The History of the Teachers Service Commission dates back to the colonial times when teachers were employed by different bodies namely:
- The Missionaries and the Government for primary school teachers
- The African Teachers Service and the Government for both African and European secondary school teachers
The Kenya National Union of Teachers, established in 1957, an umbrella body of teachers found it unnecessary to have the decentralized system of handling teachers affairs. It therefore made it its priority to press for the employment of teachers by a central body which led to the establishment of the Teachers Service Commission (TSC) under an Act of Parliament (Cap 212) of the Laws of Kenya in 1967.
Effectively the Commission is set up into various departments and divisions that carry out specific Functions to implement the mandate of the Commission as stipulated. At its inception the Secretariat had a total number of 100 staff under one department who carried out consulting and coordinating services. It was during this time that formulation of policies was going on and subsequently the first draft of the Code of Regulations for teachers 1972 was drawn. It was later brought to parliament and first published in 1976 and latter revised in 1986. From the 100 members of staff with three Commissioners under the chairmanship of Mr. John Malinda who also doubled up as Director of Personnel Management the Commission has grown to a total number 2,900 staff members under seven directorates namely Accounts, Finance, Teacher Management, Administration, Information Communication Technology, Human Resource Management Development and Internal Audit. Its management procedures have undergone tremendous changes to meet the dynamic challenges of the our economy this has been realized through the continuous staff development and expansion of services and the leadership of the then three Commissioners who's numbers rose to twenty four and currently stands at nine in line with the Constitution of Kenya 2010 with its Chairmanship as follows:
- Mr. John Malinda (01.07. 1967- 28.02.1969),
- Mr. Zakayo Mwangi (01.03.1969 - 01.03.1983),
- Mr. Sammy Soi (02.03.1983 - 30.11.1999)
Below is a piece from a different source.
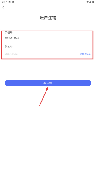 4、在账户注销页面,输入手机号和验证码,点击确认注销按钮,完成账户注销操作。
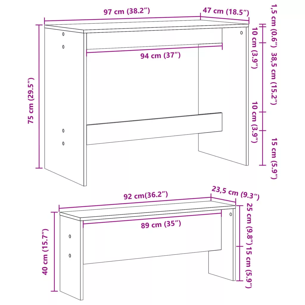 Hozzon létre egy hangulatos és hívogató helyet a nap indításához, vagy élvezze a nagyszerű étkezéseket ezzel az étkezőasztallal és paddal! Stabil és tartós anyag: A szerelt fa tartós és stabil anyag sima felülettel, amely ellenáll a nedvességnek, a vetemedésnek és a hasadásnak, így megbízható választás különféle projektekhez.Robusztus asztallap: Ez az étkezőasztal robusztus asztallappal rendelkezik, így ideális ételek, harapnivalók, italok felszolgálására, és kedvenc dekorációinak bemutatására.Tágas ülőhely: A tágas ülőpadnak köszönhetően ez az étkezőgarnitúra tökéletes a családdal és barátokkal való összejövetelekhez és étkezésekhez.Könnyen karbantartható: Sima felületének köszönhetően az étkezőgarnitúra nedves ruhával könnyen tisztítható, és kevesebb gondozást igényel. Figyelem:A felborulás elkerülése érdekében ezt a terméket a mellékelt fali rögzítőeszközzel kell használni.

- Mr. Ibrahim Hussein ((01/12/1999 - 15/11/2011)
- Mr Mark.E.O.Oyoo (16/11/2011 - 30/03/2012)
- Mrs. Lucy Njeru ( 05/04/2012 -to-date)
Since its establishment there have been a number of Commission Secretaries who are the Chief Executives. They have ensured effective and efficient Management of the Secretariat. This position has been held by:
- Mr. Muhoro (01.07.1967-30.04.1974)
- Mr. James Kamunge (01.05.1974 - 31.12.1977)
- Mr. Duncan Mwangi (01.01.1978-31.10.1980)
- Mr. Lijembe (01.11.1980 - 13.05.1982)
- Mr. Jackson Kangali (14.05.1982 - 25.02.1998)
- Mr. Benjamin Sogomo (26.02.1998 - 31.01.2003)
- Mr James E.O.Ongwae, EBS, OGW (01.02.2004 - 30.06.2004)
- Mr Gabriel K. Lengoiboni, EBS (2004 to date)
With its growth and expansion the Secretariat has moved from its initial offices occupying two floors of College House opposite the University of Nairobi to the Cooperative House situated at the Hailselasie Avenue. It’s at this place that most of the expanding departments were housed until the devastating terrorist Bomb of August 1998 targeted at the American Embassy adjacent to Cooperative House forced the Commission out of the building. The Commission lost a number of staff and substantial documents after which they operated from the Jogoo and Bima House concurrently. To centralize its services the Commission moved to occupy fourteen floors of the Bazaar Plaza situated along Moi Avenue. In November 2009 TSC moved to its own building the TSC House in Upper Hill Nairobi which had been under construction since 2006. TSC house is located along Kilimanjoro road.
Teachers Service Commission transformed from merely serving as a staffing unit of the Ministry of Education to currently handling all that is stipulated in the mandate. It has strategically positioned itself at a competitive edge providing effective service for quality teaching to the largest workforce in the Civil Service totaling 243,000 serving teachers with a current wage bill of Kshs. 44.4 billion.
Initially up to about 1969, the process of salary payment was processed through the District Education Officers for the primary schools and the ones for the secondary schools were done at the Ministry of Education Headquarters. Due to the expanding demands of the teachers and growth of their numbers by 1972, centralization of the salary processing was vital hence all was brought under Teachers Service Commission.
Teachers Service Commission serves effectively all the 278,000 teachers who are geographically distributed all over the country serving in over 26,000 primary schools and 7,000 secondary schools and related tertiary institutions. To serve them all, the Commission has established units at the provincial and district levels as per the recommendations of the National Committee on Educational Objectives and Policies of 1976.
Services provided by the Commission since its inception has seen the teachers contributing a lot to the growth of our country's social, economic and political dimensions. Over time most have contributed largely in shaping the country's education and its future growth.